Quick Fixes for Harp Technique Issues

This post covers three fixes for harp technique issues.  These are three of the most common issues that harp students have, once they’ve started to master the very basics of hand position.

Trouble crossing over/under: Make sure your fingers are low and your thumb is high–usually its the REplacing that’s the problem and we gradually creep away from the ideal location. Another tip: when you get to the cross, squeeze apart the strings to give yourself more leverage.

Trouble making lever changes smoothly: Practice flipping the lever in one exact spot every time, counting it just as you do a note. Follow the string up to the correct lever with your eyes or finger.

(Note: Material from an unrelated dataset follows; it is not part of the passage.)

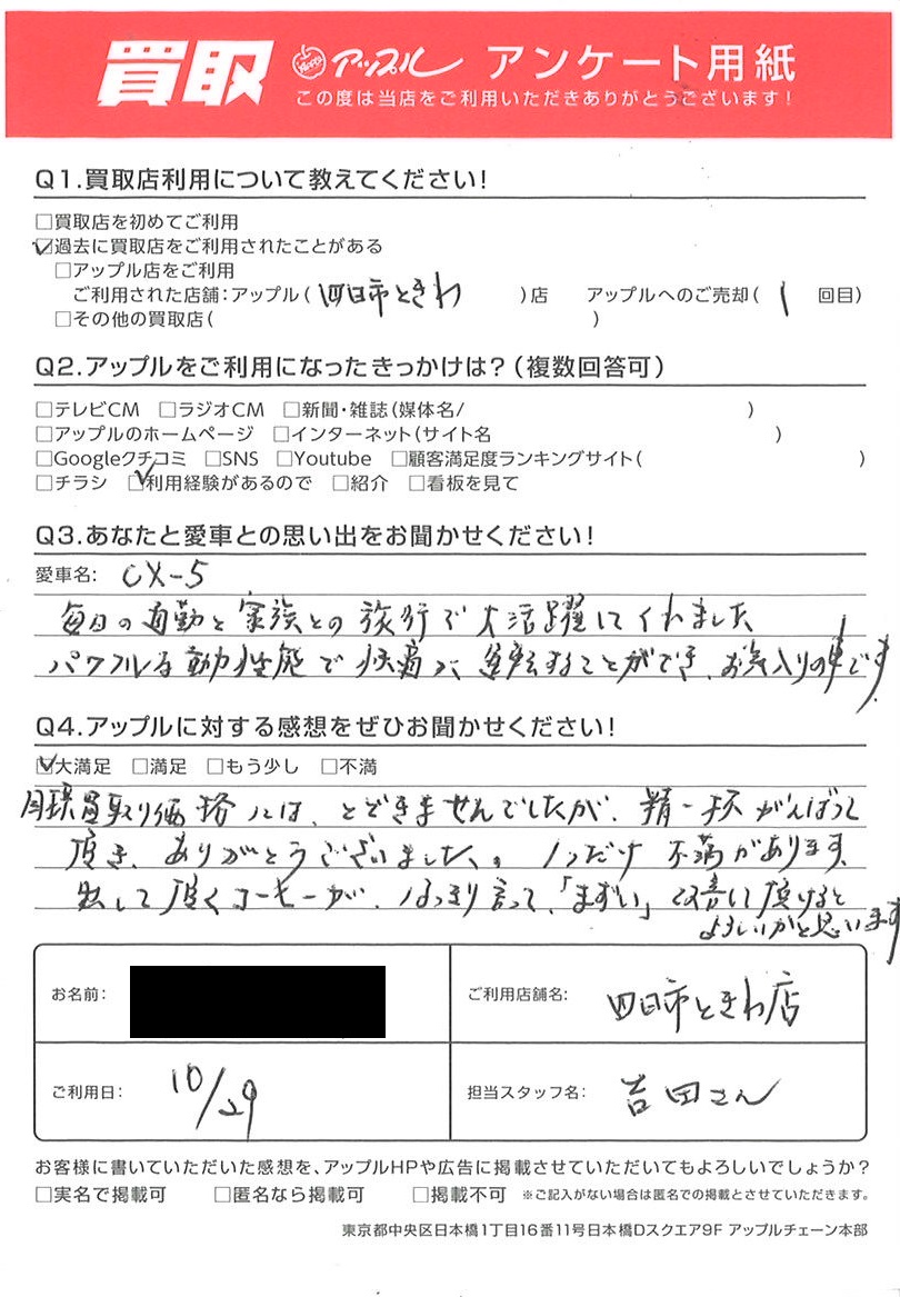 お車のご相談・ 査定だけでもOK! カンタン 入力 30秒 アップルがブランド買取始めました! お電話でも受付中! 受付時間10:00 ~ 18:30 0120-174-177 お車のご相談・ 査定だけでもOK! カンタン 入力 30秒 アップルがブランド買取始めました! お電話でも受付中! 受付時間10:00 ~ 18:30 0120-174-177 アップルがブランド買取始めました! お電話でも受付中! 受付時間10:00 ~ 18:30 0120-174-177 店舗情報 在庫車 スタッフ紹介 ブログ お客様の声 キャンペーン お得 無料査定 click お客様の声 ご記入日: 2022/10/29 F様 車名:マツダ CX-5 目標買取り価格には、とどきませんでしたが、精一杯がんばって頂き、ありがとうございました。1つだけ不満があります。出して頂くコーヒーが、はっきり言って「まずい」改善して頂けるとよろしいかと思います。 前へ 次へ お客様の声一覧を見る

If it’s still hard to flip in time, look for another spot to make the change (earlier, later, or not at all).

Trouble with buzzing: Buzzing is caused by imprecise timing and/or hand position issues. Make sure that you are not replacing early, but just in time. Check that there is no extra motion in your replacing; your fingers should place from below (not sideways or from above). Likewise, your thumb should place from above.

Often, buzzing happens because we’re opening and placing out of order–getting to the strings before our hand is in the correct position. Use these hints to diagnose the problem and correct it on the spot–never keep ignoring buzzes, or you will train your hands in the habits that cause the buzzing in the first place.